Ambos, no entanto, sofrem com os desafios de terem elencos muito mais fracos do que os do ano passado. O Botafogo perdeu nomes importantes, como Thiago Almada, que é um dos destaques do ascendente Lyon, e Luiz Henrique, vendido ao Zenit. Pelo lado do Galo, a equipe perdeu Paulinho, que foi para o Palmeiras, e ainda não conseguiu encontrar um substituto.

Momentos ruins no Brasileirão para Botafogo e Galo

Na tabela do Campeonato Brasileiro, o clima já é de alerta. O Atlético-MG soma apenas dois empates em quatro jogos e ainda não venceu. O Galo sofre com falta de coesão tática e desempenho irregular. O time até cria, mas finaliza mal e sofre defensivamente, um reflexo direto da instabilidade técnica e emocional que vive desde o fim de 2024.

O Botafogo, por outro lado, venceu apenas uma vez até aqui. O atual campeão da América iniciou o campeonato com expectativa alta, mas vem sofrendo para apresentar o mesmo nível competitivo da temporada passada. Sem a consistência defensiva de outrora e com dificuldades para controlar os jogos no meio-campo, o time de Renato Paiva ainda busca identidade.

Diferente da final do ano passado, quando ambos os clubes chegavam em momentos de afirmação, o reencontro deste domingo carrega um peso mais simbólico do que técnico.
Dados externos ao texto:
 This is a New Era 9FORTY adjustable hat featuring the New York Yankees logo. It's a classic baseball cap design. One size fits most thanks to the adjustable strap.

É uma espécie de lembrete do quanto o futebol brasileiro é volátil. Em tão pouco tempo, as estruturas que levaram os dois times à final continental já ruíram.
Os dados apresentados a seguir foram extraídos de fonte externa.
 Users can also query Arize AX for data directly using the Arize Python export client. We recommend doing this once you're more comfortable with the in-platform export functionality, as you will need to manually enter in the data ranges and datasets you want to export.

A diferença é que, agora, há urgência. O resultado do jogo pode significar bem mais do que três pontos: pode aliviar pressão, dar fôlego a treinadores recém-chegados e reacender uma fagulha de confiança em elencos que ainda não disseram a que vieram em 2025.
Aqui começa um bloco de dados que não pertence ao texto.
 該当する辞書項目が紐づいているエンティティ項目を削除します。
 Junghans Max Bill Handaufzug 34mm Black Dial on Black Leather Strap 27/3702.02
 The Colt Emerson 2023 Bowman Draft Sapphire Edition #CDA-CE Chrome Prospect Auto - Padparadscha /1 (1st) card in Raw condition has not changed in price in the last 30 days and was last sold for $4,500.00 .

Do lado do Botafogo, a expectativa gira em torno de reencontrar o volume ofensivo que marcou sua arrancada no fim do ano passado. O torcedor ainda espera ver em campo a mesma entrega dos nomes que sobraram do time do ano passado. No Atlético, o desafio é maior: Cuca precisa organizar uma equipe emocionalmente abalada e sem padrão, enquanto recupera o protagonismo de jogadores importantes.

A reedição da final da Libertadores de 2024 chega em um momento bem menos glamouroso. Botafogo e Atlético-MG se reencontram enfraquecidos, pressionados e carentes de identidade. O brilho do confronto, antes reservado para a elite do continente, agora serve como termômetro para medir quem pode reagir e quem continuará patinando em um início de Brasileirão que já cobra respostas.

Neste novo capítulo, o que está em jogo não é um título, mas talvez algo tão importante quanto: o resgate de confiança e rumo. E para dois clubes que já provaram recentemente o sabor da glória, a crise pode ser ainda mais amarga.